Janet Violet Paisley (12 January 1948 – 9 November 2018) was a writer, poet and playwright from Scotland, writing in Scots and English. Her work has been translated into German, Russian, Lithuanian, Slovak, Spanish, Hungarian, Ukrainian, Italian and Polish.

Career
Paisley was a member of the Working Party for a Scottish National Theatre, the SAC Scots Language Synergy, and the Cross Party Parliamentary Group for the Scots Language. She held three Creative Writing Fellowships, received two Scottish Arts Council Writer's Bursaries and a Playwright's Bursary, edited New Writing Scotland and co-ordinated the first Scottish PEN Women Writers Committee.

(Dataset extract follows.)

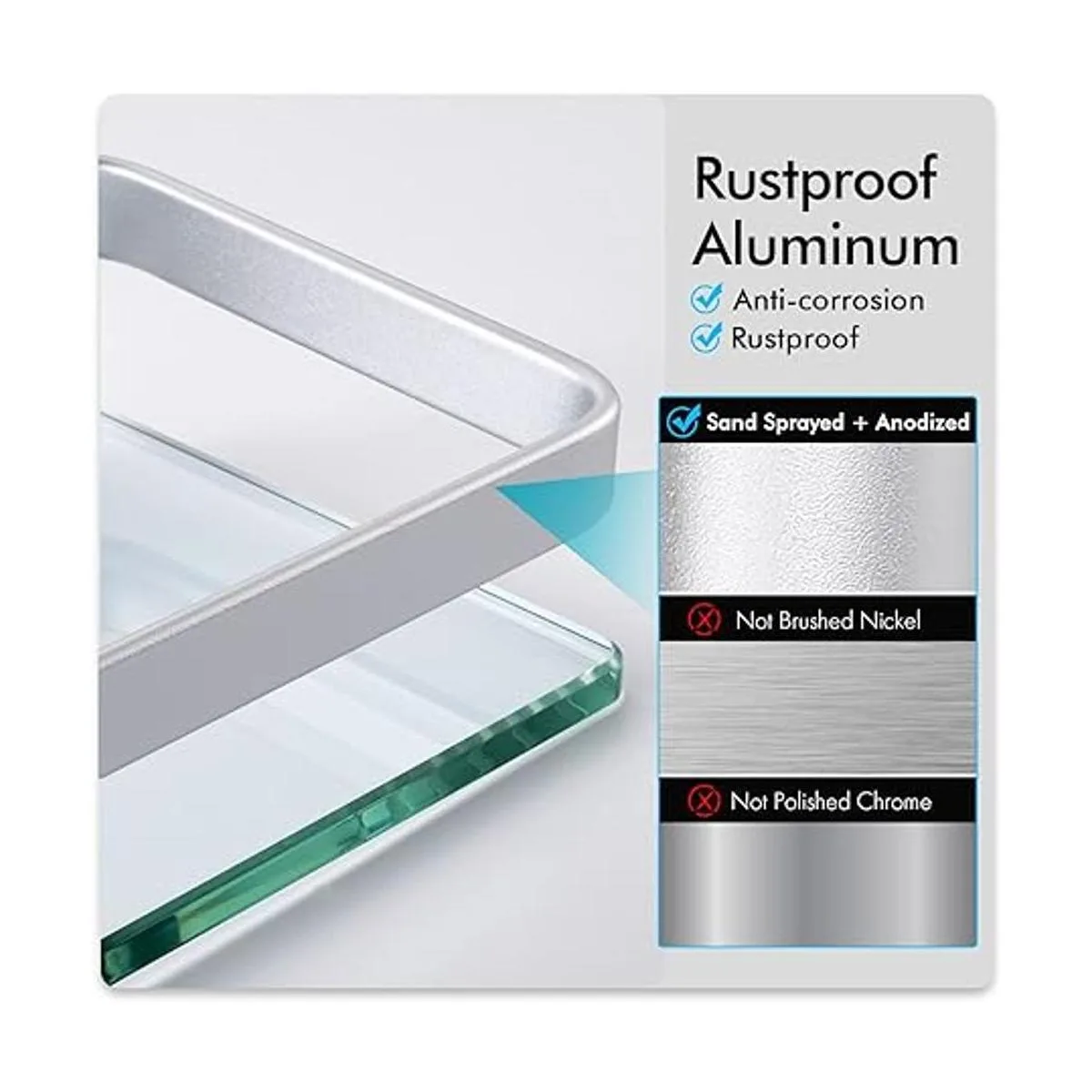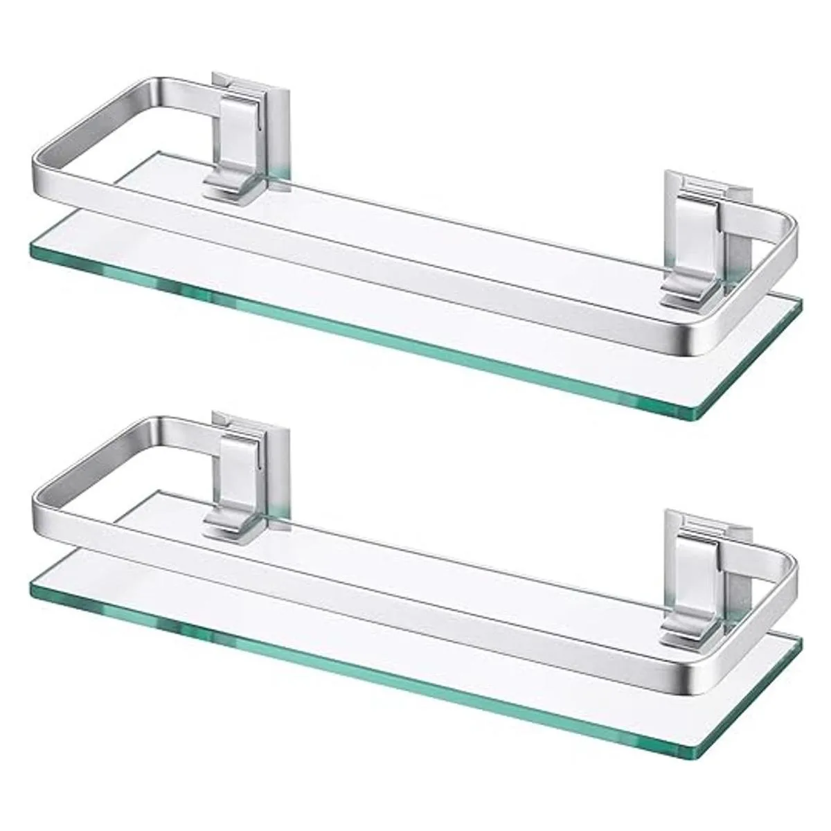 KES Estante de vidrio para baño, vidrio templado de aluminio, 0.315 in, extra grueso, paquete de 2 unidades rectangulares de 1 nivel, organizador de almacenamiento para montaje en pared, color plateado, A4126AP2
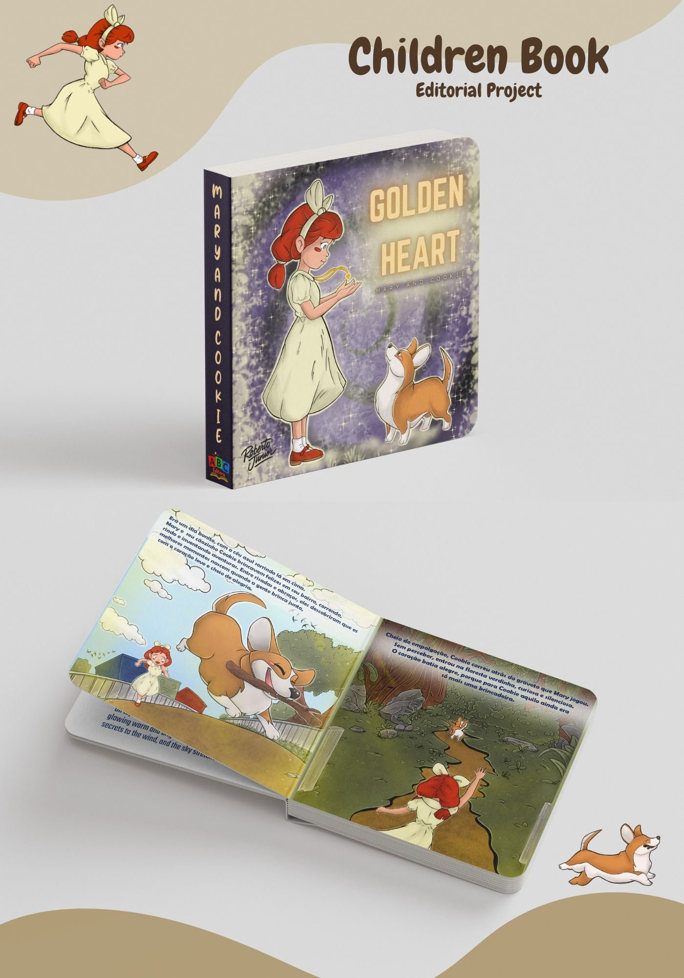 Golden Heart é um projeto de livro infantil desenvolvido especialmente para crianças em fase de alfabetização. O trabalho envolve todas as etapas do processo criativo — conceito, ilustração, narrativa visual e construção das imagens — com foco em estimular a leitura, a imaginação e a conexão emocional, utilizando cores vivas e personagens cheios de expressividade, com uma linguagem visual clara, acessível e acolhedora para o público infantil. Golden Heart is a children’s book project created specifically for early readers and children in the literacy development stage. The project covers all stages of the creative process — concept, illustration, visual storytelling, and image development — focusing on encouraging reading, imagination, and emotional connection through vibrant colors and highly expressive characters, using a clear, accessible, and child-friendly visual language.

Her first play Refuge won the Peggy Ramsay Award in 1996. She was awarded a Creative Scotland Award to write Not for Glory (2000), a collection of interlinked short stories in Scots set in a small village in Central Scotland. Not for Glory was one of the ten Scottish finalists voted for by the public in the 2003 World Book Day 'We are what we read' poll.

The short film Long Haul, written by Paisley, received a BAFTA nomination in 2001.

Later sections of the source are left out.